Field House, Rimington: Good Advice from 1819

At Field House, a farm across the fields from the chapel, is an inscription carved into a stone tablet on the building’s frontage. Dating from 1819, just three years after the founding of the chapel, it reads:

Repeat no grievances but study to be quiet and Mind your own business. 

I've consulted our membership records for the time, and William Rushworth appears not. He may have been an adherent rather than a member, or he may have worshipped elsewhere, such as at the parish church at Gisburn. Alternatively, he may not have attended church at all. I wondered if it was a reference to the Bible or just a plain-talking piece of folk wisdom. I looked into the matter and found the following texts:

And that ye study to be quiet, and to do your own business, and to work with your own hands, as we commanded you. 1 Thessalonians 4:11

This is so obviously referred to in the inscription, it’s almost a quotation. Regarding the repetition of grievances, however, I became more stuck.
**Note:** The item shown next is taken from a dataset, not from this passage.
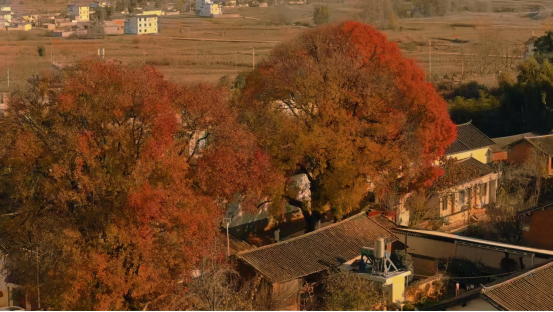 在鹤庆金墩乡南山河的村口,岁月以树的形式驻足。古漆树静静矗立,它们像是大地向天空舒展的信笺,将整整一个村庄的百年光阴,都落笔成了静默而磅礴的文字。这封长信最惊艳的段落,总是在深冬霜降之后被缓缓打开——那时,满树的苍翠化作了漫天的丹霞。

The closest I could find is

A fool uttereth all his mind: but a wise man keepeth it in till afterwards. Proverbs 29:11

and

Forbearing one another, and forgiving one another, if any man have a quarrel against any: even as Christ forgave you, so also do ye. Colossians 3:13: 

I don’t know if William Rushworth was a Christian, but his advice is sound and it would do many a church member good to heed his words.